In the paper, the team looked at a few very simplified examples, mostly focusing on situations where there was one leader and one follower, according to James.

“The leader kind of moves around randomly, and the follower also moves around randomly, but it also takes into account what the leader’s doing,” James said. “We looked at how the amount of information flow went from leader to follower and follower to leader.”

Sulimon used this framework to begin to understand how the collective communicates and coordinates their motion.

“Using just simplified rules where you only look at your immediate neighbors, you get things like bird flocks and fish schools, where a whole group coherently moves as a whole wave,” James said.

Crutchfield explained how this new research could be used in the field of animal behavior. He is currently working on a project studying humpback whales near Alaska, where he is applying information theory to understand their auditory communication.

“The tools that we’ve developed are desperately needed in the field of animal behavior,” Crutchfield said. 

James talked about another application: stock markets. 
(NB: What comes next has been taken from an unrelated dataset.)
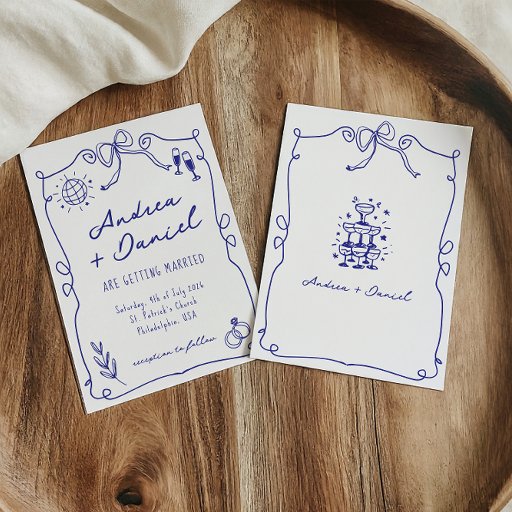 Blue Whimsical Fun Quirky Hand drawn Wedding Save The Date

“We looked at how individual stocks are influenced by and how they influence the market index,” James said. “Oil companies, for example, the value of their stocks was effectively independent of what the overall market was doing. But then consumer products, like Pepsi, for example, were highly influenced by how the overall index was doing. […] I do know a few people who have taken this work and have used it for investing purposes and have done well.” 

From understanding disease processes, to traffic issues, to observing human behavior, Komatsuzaki said that one of the things the researchers find so exciting about this new theoretical framework is that the potential applications are not limited to one field.

“It’s almost infinite,” Komatsuzaki said.